Data for the task:
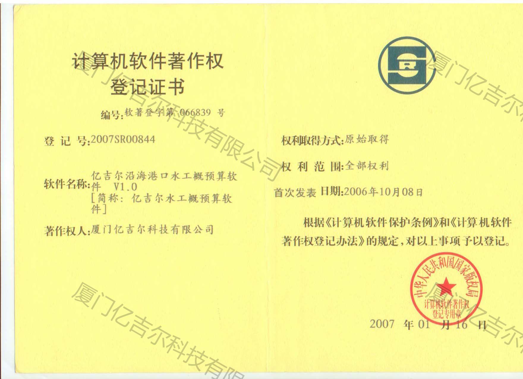 億吉爾沿海港口水工軟件著作權(quán)登記證書 發(fā)布日期:2007年01月16日 瀏覽次數(shù):4119 關(guān)鍵字: 公司 1/1億吉爾沿海港口水工軟件著作權(quán)登記證書
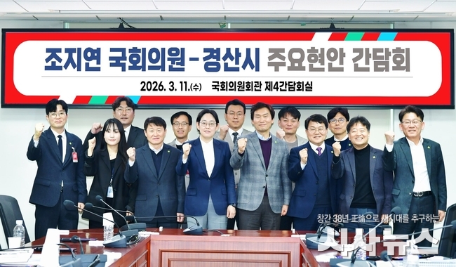 [시사뉴스 장시목 기자]경산시(시장 조현일)는 11일 국회의원회관 제4간담회실에서 조지연 국회의원과 간담회를 개최하고, 2027년 정부예산 확보 방안과 지역 주요 현안사업에 대하여 심도 있게 논의했다.
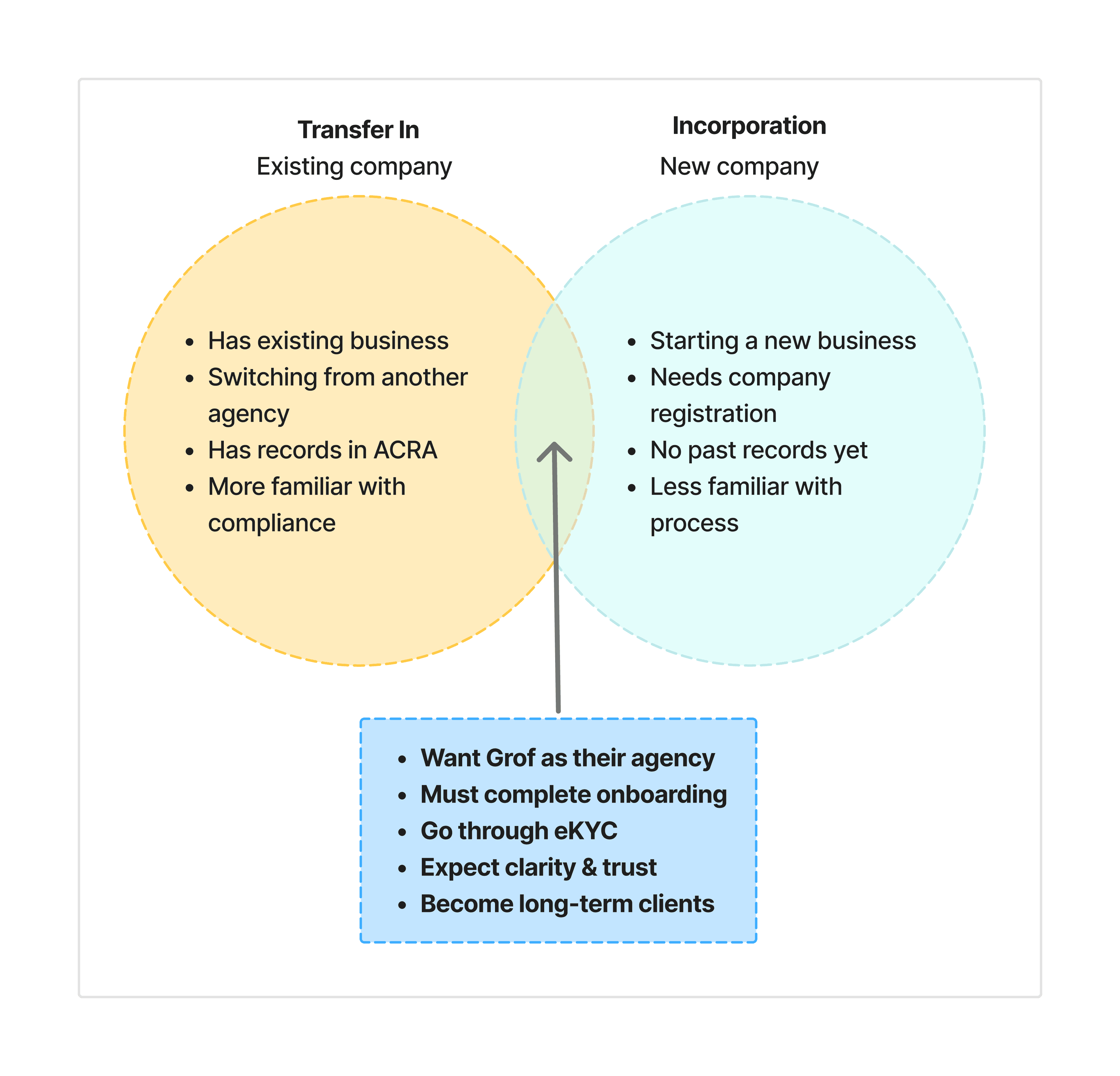 There are two types of clients: an existing company that wants to change its corporate agency (Transfer In) and a new company incorporated in Singapore (Incorporation).
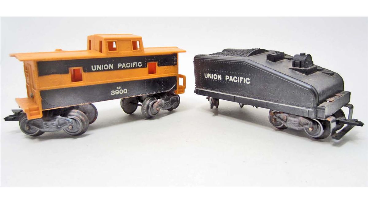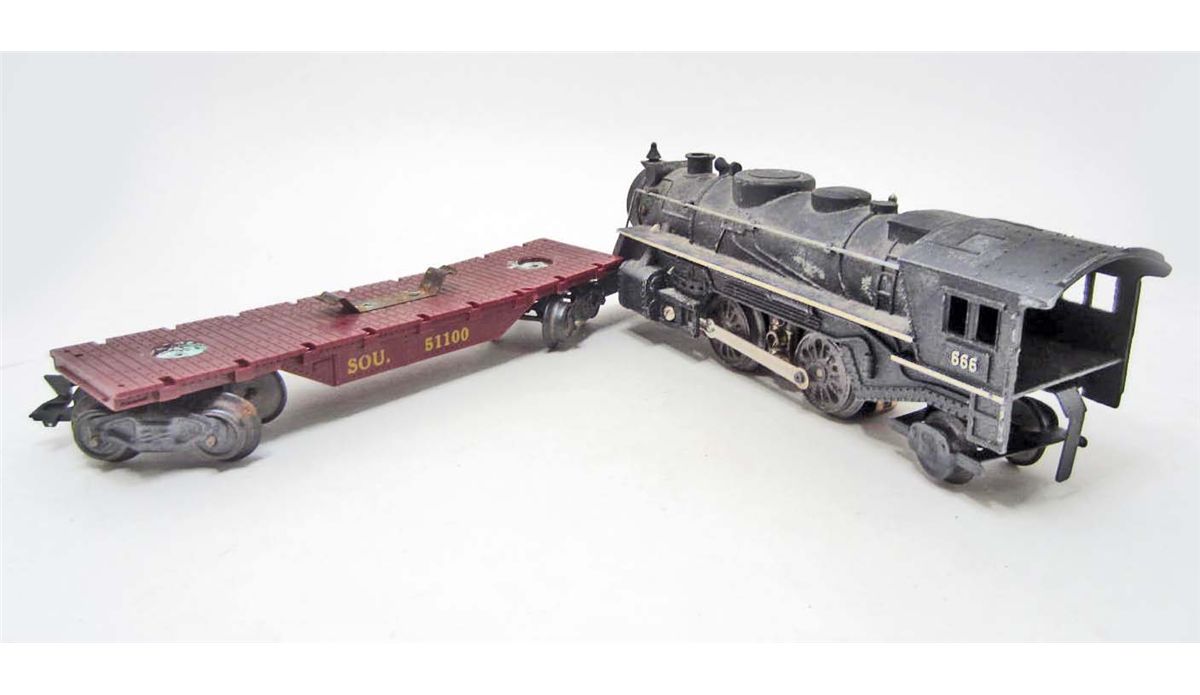 Marx 666 smoking locomotive, Tender, Flat Car and Caboose.
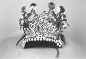繡花帽由里外兩部分組成,素有“制做繡花帽,先做好襯套”之說。即先按兒童頭徑大小制襯套,做法較簡(jiǎn)單,用染過的家織布做里襯,鋪上薄棉,外層為紅綢面,用線依次納緊,以防棉花下滑,縫成筒狀后,頂部用同樣的材料剪成四方形,與上部帽沿結(jié)構(gòu)相同即成。后部分較前部分復(fù)雜,先將染過的兩層家織布粘牢,表面貼上各色緞面,顏色自定。把圖樣拓在緞面上,剪下形狀不同的6片材料,把喜愛的圖案描繪在上面,接著用紡車紡出6根各4米長(zhǎng)的棉線,用吊砣逐根旋轉(zhuǎn)纏繞白色呢絨線,經(jīng)濃縮,每根僅得到1米左右線料,將這制好的精線按圖案盤弄,后以花針固定,再輔以其他色線刺繡成圖案點(diǎn)綴其間。把繡好的6片材料組合到襯套上,各片邊沿用黑白兩色線交替鎖邊,帽口用黑金絨布滾邊。此時(shí),帽頂?shù)模吨患饨怯貌噬€制做成圓球裝飾,外面四角下面懸吊白色珍珠串,末端垂著布制五角星。帽的周邊釘上銀制品,最后鑲上反光小圓點(diǎn)飾物似天上星星般光亮,給本就精致美觀的繡花帽增添了一道靚麗色彩,繡花帽就這樣在侗家女的手中誕生了。
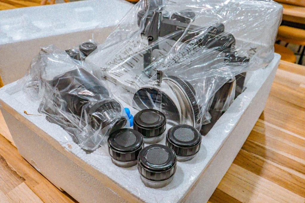 Os kits são compostos de microscópios digitais de alta potência, tubos de ensaio, conjunto de reagentes, balança de precisão digital, conjunto de lâminas, esqueleto humano em resina plástica rígida, fogareiro portátil à álcool, kit de circuito elétrico de Física, lâmpada luz negra, entre dezenas de outros equipamentos.
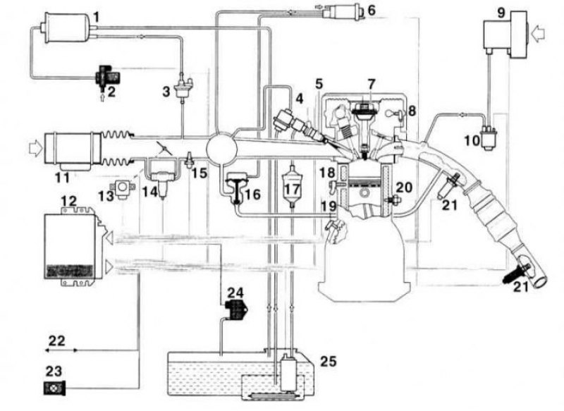 В случае с системой впрыска топлива Ваш двигатель все ещё сосёт, но вместо того, чтобы полагаться только на всасываемое количество топлива, система впрыска топлива стреляет точно правильное количество топлива в камеру сгорания. Системы впрыска топлива прошли уже несколько ступеней эволюции, в них была добавлена электроника — это, пожалуй, было самым большим шагом в развитии этой системы. Но идея таких систем осталась та же: электрически активируемый клапан (инжектор) распыляет отмеренное количество топлива в двигатель. На самом деле основное различие между карбюратором и инжектором именно в электронном управлении ЭБУ — именно бортовой компьютер подаёт точно нужное количество топлива в камеру сгорания двигателя.
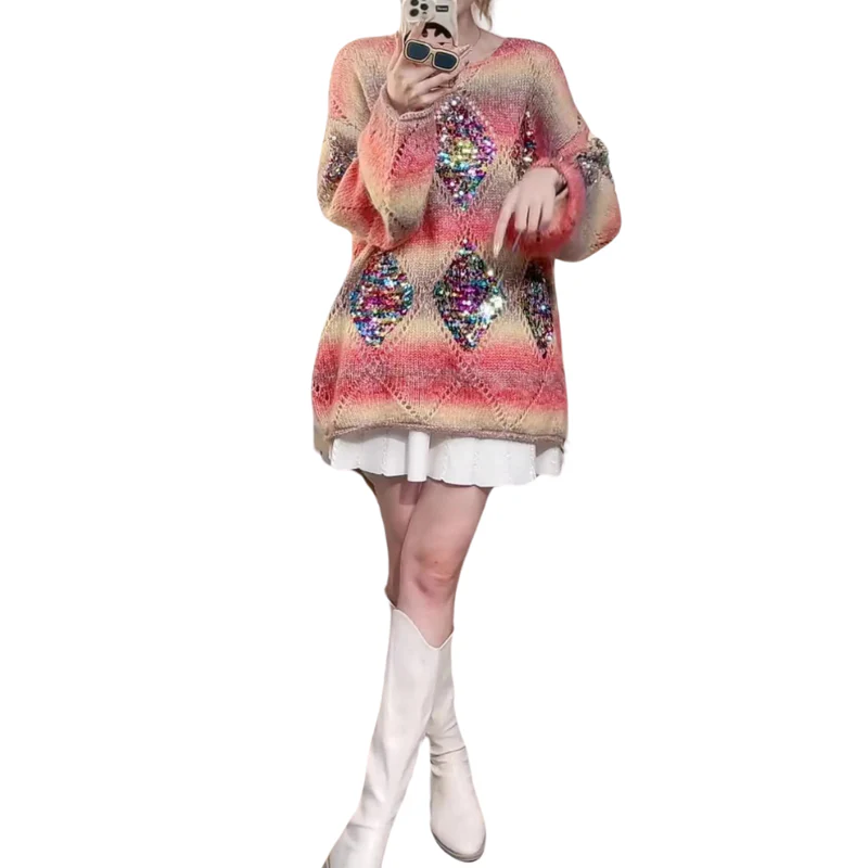 Pull Paillette Tricot Arc En Ciel
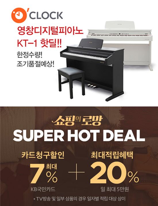 [아시아경제 임온유 기자] 영창뮤직이 CJ오쇼핑에서 3일간 디지털피아노 특가 행사 ‘쇼핑의 로망 슈퍼 핫딜’ 을 실시한다고 7일 밝혔다.
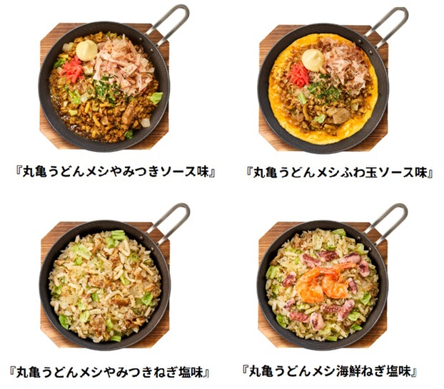 味は、香ばしさが魅力の「ソース味」と、パンチのある「ねぎ塩味」の2タイプで、「丸亀うどんメシやみつきソース味」「丸亀うどんメシふわ玉ソース味」「丸亀うどんメシやみつきねぎ塩味」「丸亀うどんメシ海鮮ねぎ塩味」の全4種です。
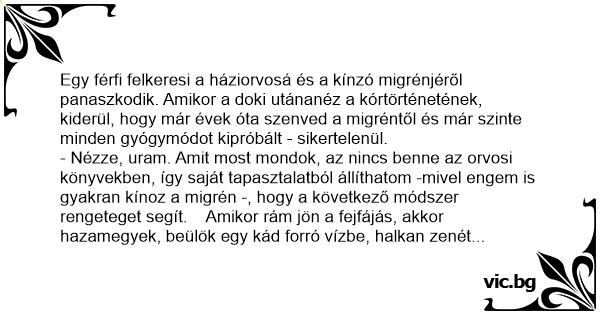 - Nézze, uram. Amit most mondok, az nincs benne az orvosi könyvekben, így saját tapasztalatból állíthatom -mivel engem is gyakran kínoz a migrén -, hogy a következő módszer rengeteget segít. Amikor rám jön a fejfájás, akkor hazamegyek, beülök egy kád forró vízbe, halkan zenét hallgatok és közben a feleségem masszírozza a halántékomat, majd később az egész testemet. Ezután, akármennyire is fáj a fejem, szeretkezek egy jót a gyönyörűszép nejemmel. Higgye el, utána sookal jobb lesz. Bróbálja csak ki és 6 hét múlva jöjjön vissza, kíváncsi vagyok az eredményre.
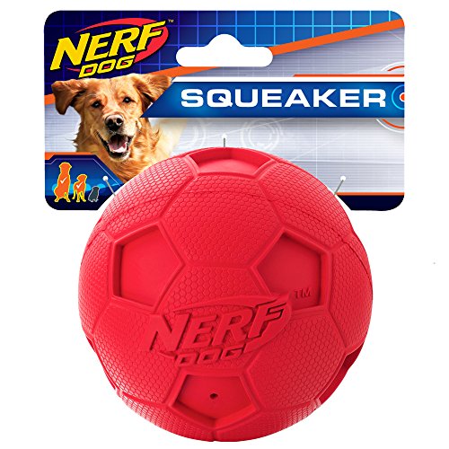 NERF TOUGH Nerf quality materials make our Soccer Squeak Ball toy perfect for fetch and for teaching your dog new tricks, EASY HANDLING The unique pattern on the outside creates ridges that make it easy for your dog to pick up and fetch, while the hexagon texture on the outside makes it easy for humans to grip and toss, MADE TO LAST Lightweight, durable, and weather & water resistant, FOR MEDIUM AND LARGE BREEDS 4 inch ball is ideal for medium and large breeds, SAFETY FIRST Designed with you dog's safety in mind, each of our dog toys are tested to ensure endless hours of family fun
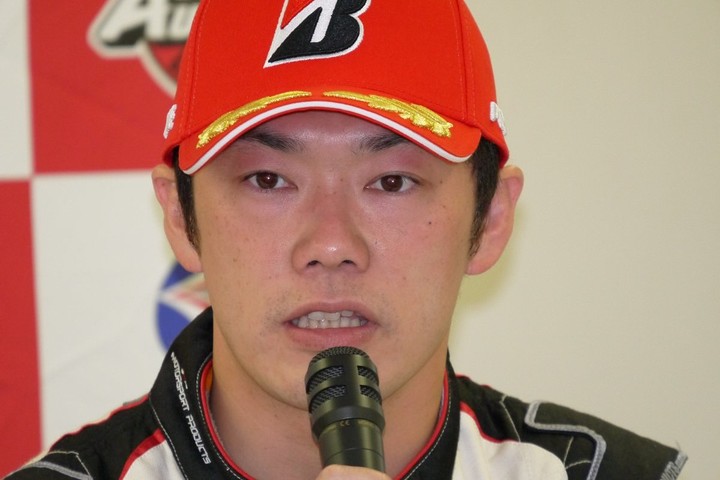 決勝記者会見: GT300クラス優勝の嵯峨宏紀(apr)
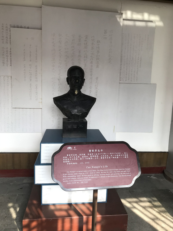 曹雪芹生平展厅内的曹雪芹雕像,像后有曹雪芹自题《石头记一绝》:“满纸荒唐言,一把辛酸泪。都云作者痴,谁解其中味?”
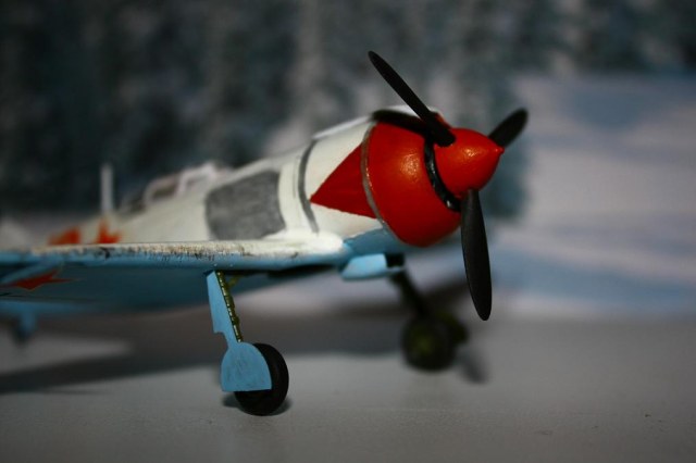 Всем Привет. Ну, что, вот мой ла. Собирал не долго, можно сказать учился на нём красить. Самолёт хороший, единственно пилот в кабину не помещался пришлось без него. Чем только не красил, поэтому и стекло испортил, не оттираеся, прошу сильно не бить, а помочь в покраске. Очень вас прошу помогите, потому, что ну просто замучался. Использовал шпатлёвку. Пытался сделать самолёт Кожедубы, по окраске такой-же, единственно не нашёл 62 маленькие звёздочки на борт, ну судите.
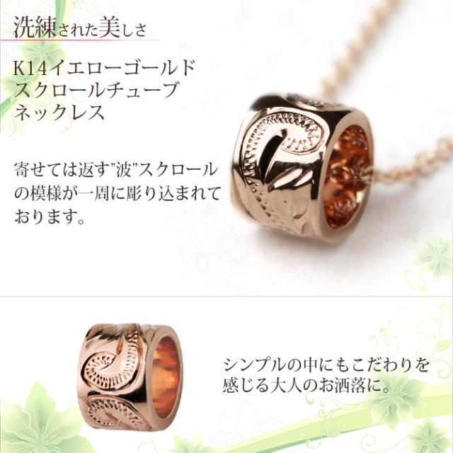 ゴールド ネックレス ハワイアンジュエリー ネックレス ゴールド ピンクゴールド 14K K14 ネックレス スクロールチューブ Sサイズ 14k カットあずきチェーン太0.9mm ギフトラッピング可能 BY THE SEA バイザシー プレゼント クリスマス 【品番:CG-GP127R-CH123】
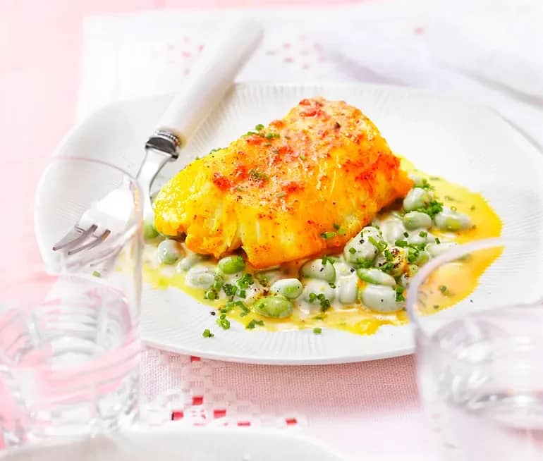 Saffranstorsk med krämiga bönor
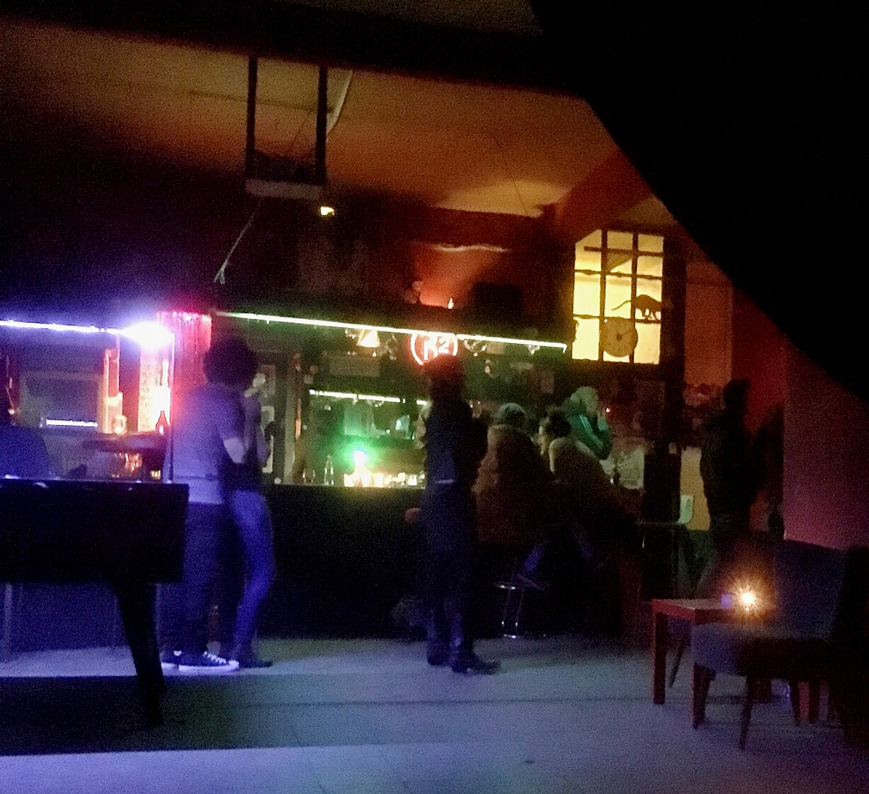 I remember Neu Tramm last year as having some very interesting bands from several countries. We pay the entrance fee, grab a drink, and settle into some vacant old armchairs to enjoy some new sounds. Luckily, it is not as crowded as it has been other times so we can just enjoy the music without fighting a large crowd for space and our vantage point allows us to still (somewhat) hold a conversation.

Work instructions: Your answer must be everything above from the line with "Pull Paillette Tricot Arc En Ciel" down to the line with "曹雪芹生平展厅内的曹雪芹雕像", word for word, and no pictures.

Response below:
 Pull Paillette Tricot Arc En Ciel
 [아시아경제 임온유 기자] 영창뮤직이 CJ오쇼핑에서 3일간 디지털피아노 특가 행사 ‘쇼핑의 로망 슈퍼 핫딜’ 을 실시한다고 7일 밝혔다.
 味は、香ばしさが魅力の「ソース味」と、パンチのある「ねぎ塩味」の2タイプで、「丸亀うどんメシやみつきソース味」「丸亀うどんメシふわ玉ソース味」「丸亀うどんメシやみつきねぎ塩味」「丸亀うどんメシ海鮮ねぎ塩味」の全4種です。
 - Nézze, uram. Amit most mondok, az nincs benne az orvosi könyvekben, így saját tapasztalatból állíthatom -mivel engem is gyakran kínoz a migrén -, hogy a következő módszer rengeteget segít. Amikor rám jön a fejfájás, akkor hazamegyek, beülök egy kád forró vízbe, halkan zenét hallgatok és közben a feleségem masszírozza a halántékomat, majd később az egész testemet. Ezután, akármennyire is fáj a fejem, szeretkezek egy jót a gyönyörűszép nejemmel. Higgye el, utána sookal jobb lesz. Bróbálja csak ki és 6 hét múlva jöjjön vissza, kíváncsi vagyok az eredményre.
 NERF TOUGH Nerf quality materials make our Soccer Squeak Ball toy perfect for fetch and for teaching your dog new tricks, EASY HANDLING The unique pattern on the outside creates ridges that make it easy for your dog to pick up and fetch, while the hexagon texture on the outside makes it easy for humans to grip and toss, MADE TO LAST Lightweight, durable, and weather & water resistant, FOR MEDIUM AND LARGE BREEDS 4 inch ball is ideal for medium and large breeds, SAFETY FIRST Designed with you dog's safety in mind, each of our dog toys are tested to ensure endless hours of family fun
 決勝記者会見: GT300クラス優勝の嵯峨宏紀(apr)
 曹雪芹生平展厅内的曹雪芹雕像,像后有曹雪芹自题《石头记一绝》:“满纸荒唐言,一把辛酸泪。都云作者痴,谁解其中味?”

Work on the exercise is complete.